Task objective — As written and without pictures, set down the lines from the one that contains "Triazole-based carbenes are" through the end of the data.

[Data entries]
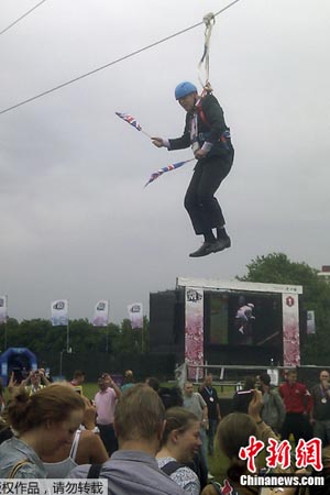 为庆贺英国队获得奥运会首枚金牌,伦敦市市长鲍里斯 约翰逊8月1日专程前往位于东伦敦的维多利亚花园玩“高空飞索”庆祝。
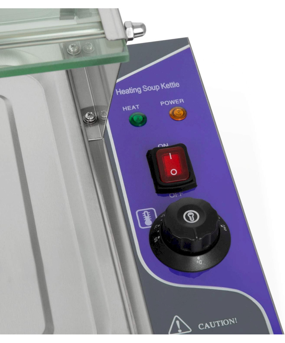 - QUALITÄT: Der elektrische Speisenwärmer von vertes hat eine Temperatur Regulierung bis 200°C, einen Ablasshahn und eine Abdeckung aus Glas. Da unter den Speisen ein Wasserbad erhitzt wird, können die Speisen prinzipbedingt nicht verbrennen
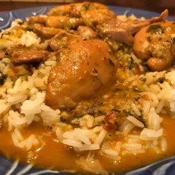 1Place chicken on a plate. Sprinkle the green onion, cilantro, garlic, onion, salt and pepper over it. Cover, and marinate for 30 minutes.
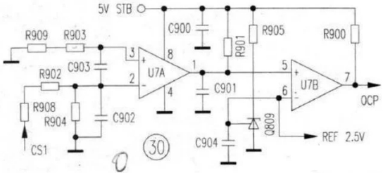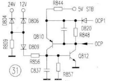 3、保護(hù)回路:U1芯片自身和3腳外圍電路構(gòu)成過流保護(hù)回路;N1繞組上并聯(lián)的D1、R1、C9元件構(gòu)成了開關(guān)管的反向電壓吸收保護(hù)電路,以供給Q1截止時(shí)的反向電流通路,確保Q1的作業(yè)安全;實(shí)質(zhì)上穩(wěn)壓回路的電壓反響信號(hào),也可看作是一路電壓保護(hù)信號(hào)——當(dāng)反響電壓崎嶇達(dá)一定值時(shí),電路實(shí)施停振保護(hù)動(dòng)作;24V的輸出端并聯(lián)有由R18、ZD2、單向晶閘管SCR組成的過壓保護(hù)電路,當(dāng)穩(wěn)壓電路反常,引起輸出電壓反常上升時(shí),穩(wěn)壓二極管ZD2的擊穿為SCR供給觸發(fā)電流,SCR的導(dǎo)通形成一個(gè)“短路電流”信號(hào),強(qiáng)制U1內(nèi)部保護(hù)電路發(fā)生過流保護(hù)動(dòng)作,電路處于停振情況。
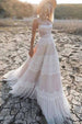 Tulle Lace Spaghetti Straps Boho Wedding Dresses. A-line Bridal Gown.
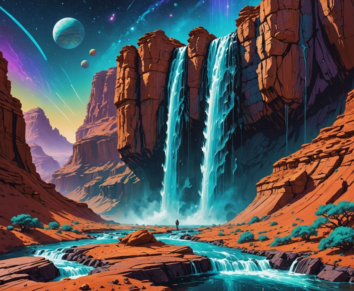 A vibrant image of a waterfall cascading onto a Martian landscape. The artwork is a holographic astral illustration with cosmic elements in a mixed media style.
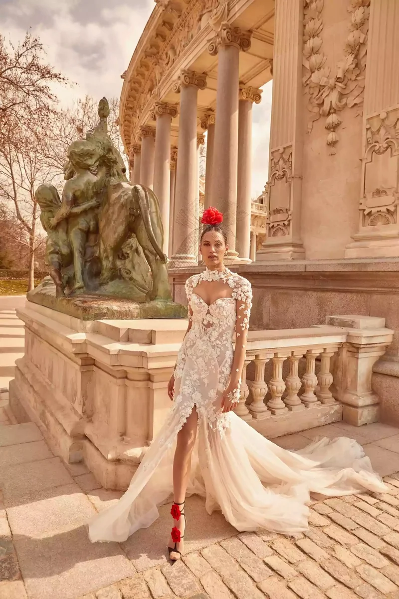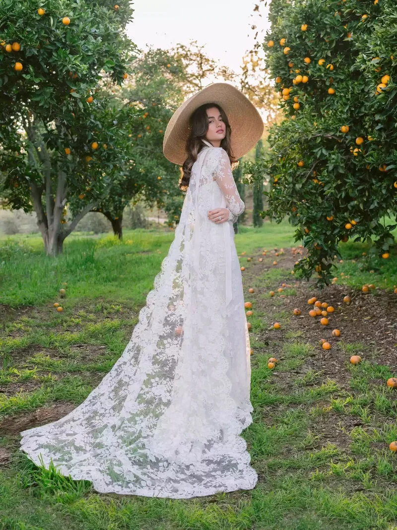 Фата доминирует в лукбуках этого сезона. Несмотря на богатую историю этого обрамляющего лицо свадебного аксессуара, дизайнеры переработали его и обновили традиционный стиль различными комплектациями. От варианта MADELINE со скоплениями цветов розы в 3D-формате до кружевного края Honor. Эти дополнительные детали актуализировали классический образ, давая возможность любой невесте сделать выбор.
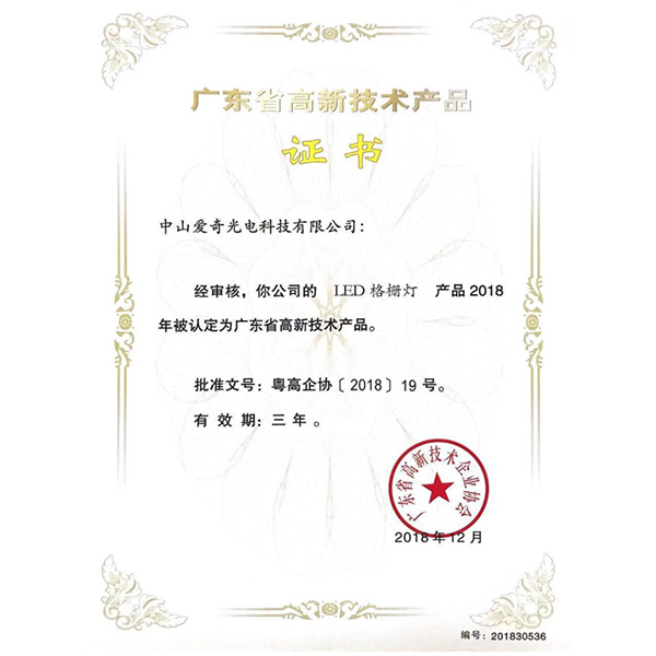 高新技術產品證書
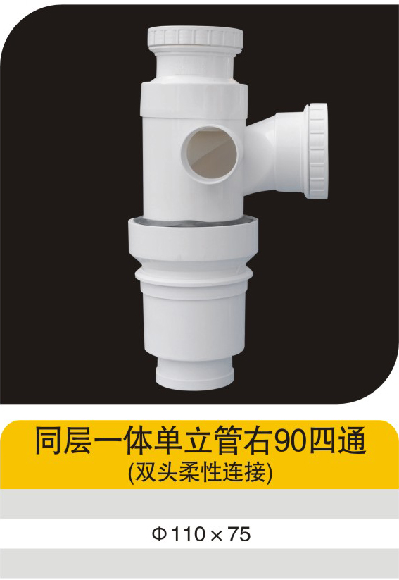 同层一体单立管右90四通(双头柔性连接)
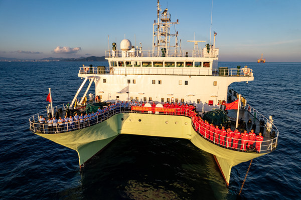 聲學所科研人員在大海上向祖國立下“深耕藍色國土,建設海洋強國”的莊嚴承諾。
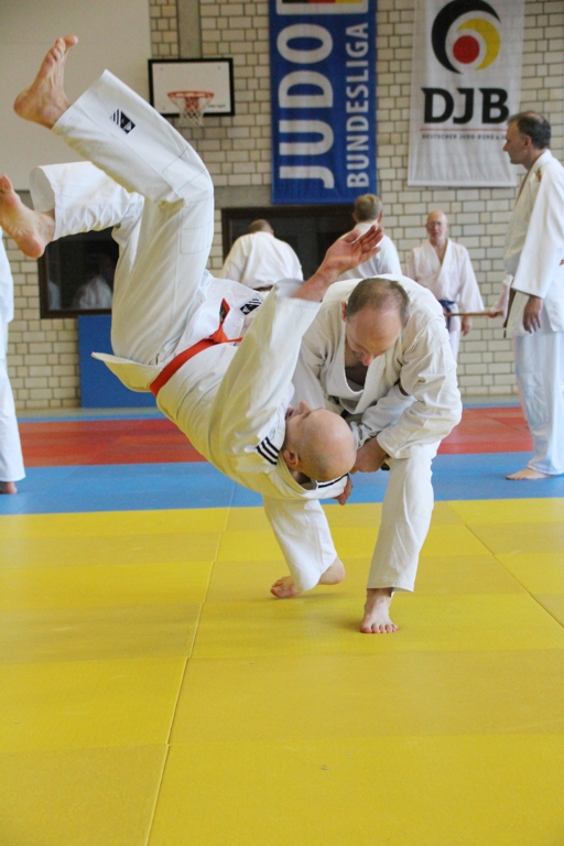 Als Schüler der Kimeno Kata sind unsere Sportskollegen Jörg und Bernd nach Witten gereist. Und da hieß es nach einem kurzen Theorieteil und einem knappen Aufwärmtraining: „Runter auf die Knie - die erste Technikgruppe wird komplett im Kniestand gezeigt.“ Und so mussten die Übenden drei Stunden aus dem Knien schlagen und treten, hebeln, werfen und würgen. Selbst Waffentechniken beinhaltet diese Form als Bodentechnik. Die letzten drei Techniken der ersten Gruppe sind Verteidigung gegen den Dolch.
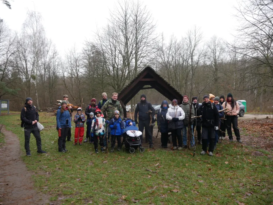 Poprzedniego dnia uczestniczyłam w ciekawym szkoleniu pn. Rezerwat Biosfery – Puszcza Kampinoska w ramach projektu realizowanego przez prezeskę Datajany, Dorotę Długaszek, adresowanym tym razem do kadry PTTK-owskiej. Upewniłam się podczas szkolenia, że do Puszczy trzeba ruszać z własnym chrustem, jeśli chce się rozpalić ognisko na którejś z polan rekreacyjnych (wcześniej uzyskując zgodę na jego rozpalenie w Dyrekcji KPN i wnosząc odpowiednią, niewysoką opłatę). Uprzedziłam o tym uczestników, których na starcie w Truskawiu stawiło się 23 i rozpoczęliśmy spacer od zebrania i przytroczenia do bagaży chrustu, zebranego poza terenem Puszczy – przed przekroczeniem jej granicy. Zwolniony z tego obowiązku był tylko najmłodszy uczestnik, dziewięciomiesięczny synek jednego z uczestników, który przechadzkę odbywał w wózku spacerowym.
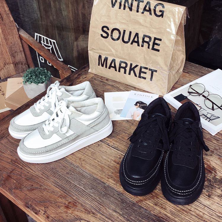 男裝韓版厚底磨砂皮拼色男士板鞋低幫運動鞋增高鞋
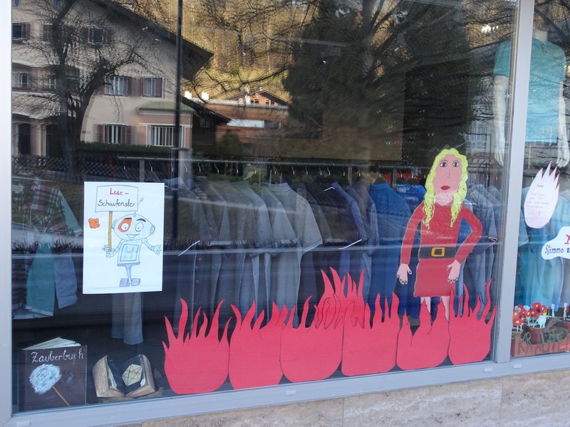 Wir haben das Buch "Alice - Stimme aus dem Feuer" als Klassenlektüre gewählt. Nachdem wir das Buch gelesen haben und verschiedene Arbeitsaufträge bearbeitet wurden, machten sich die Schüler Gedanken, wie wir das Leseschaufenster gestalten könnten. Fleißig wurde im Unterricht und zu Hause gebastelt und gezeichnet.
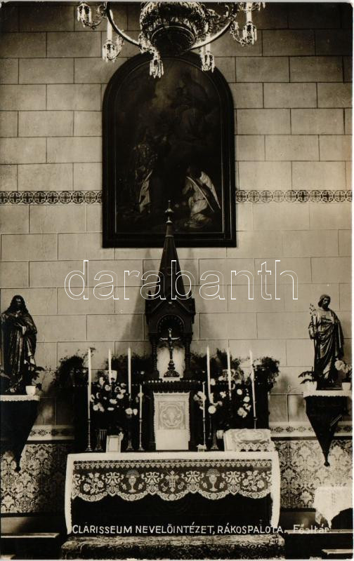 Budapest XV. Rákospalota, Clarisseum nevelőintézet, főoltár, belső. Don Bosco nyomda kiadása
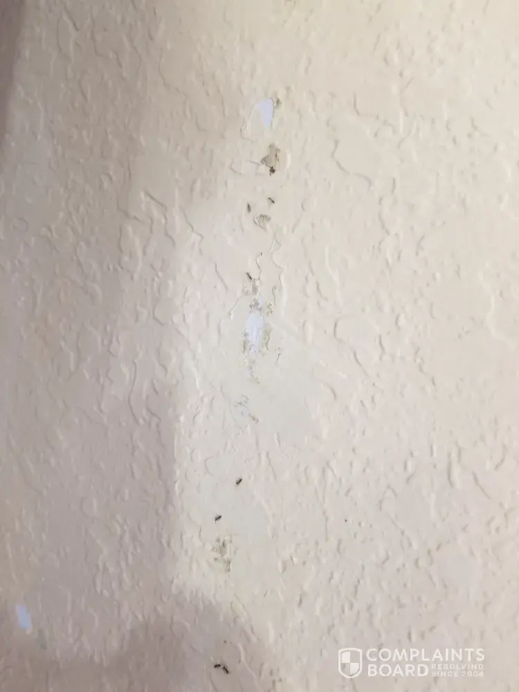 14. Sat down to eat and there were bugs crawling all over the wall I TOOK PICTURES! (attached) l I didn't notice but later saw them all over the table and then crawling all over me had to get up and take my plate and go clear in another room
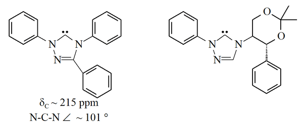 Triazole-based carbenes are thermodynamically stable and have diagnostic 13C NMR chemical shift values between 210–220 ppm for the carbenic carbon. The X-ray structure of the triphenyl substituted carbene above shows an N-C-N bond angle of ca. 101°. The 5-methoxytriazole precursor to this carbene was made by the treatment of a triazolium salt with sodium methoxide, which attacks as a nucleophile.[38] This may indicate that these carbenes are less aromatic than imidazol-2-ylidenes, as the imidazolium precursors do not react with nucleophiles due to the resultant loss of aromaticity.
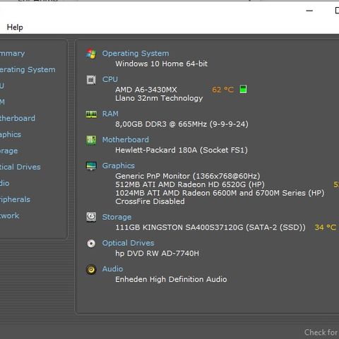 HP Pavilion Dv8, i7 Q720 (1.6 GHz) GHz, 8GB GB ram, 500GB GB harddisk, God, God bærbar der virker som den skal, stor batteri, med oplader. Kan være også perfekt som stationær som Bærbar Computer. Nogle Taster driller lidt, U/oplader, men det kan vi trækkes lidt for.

Exercise result —
 Triazole-based carbenes are thermodynamically stable and have diagnostic 13C NMR chemical shift values between 210–220 ppm for the carbenic carbon. The X-ray structure of the triphenyl substituted carbene above shows an N-C-N bond angle of ca. 101°. The 5-methoxytriazole precursor to this carbene was made by the treatment of a triazolium salt with sodium methoxide, which attacks as a nucleophile.[38] This may indicate that these carbenes are less aromatic than imidazol-2-ylidenes, as the imidazolium precursors do not react with nucleophiles due to the resultant loss of aromaticity.
 HP Pavilion Dv8, i7 Q720 (1.6 GHz) GHz, 8GB GB ram, 500GB GB harddisk, God, God bærbar der virker som den skal, stor batteri, med oplader. Kan være også perfekt som stationær som Bærbar Computer. Nogle Taster driller lidt, U/oplader, men det kan vi trækkes lidt for.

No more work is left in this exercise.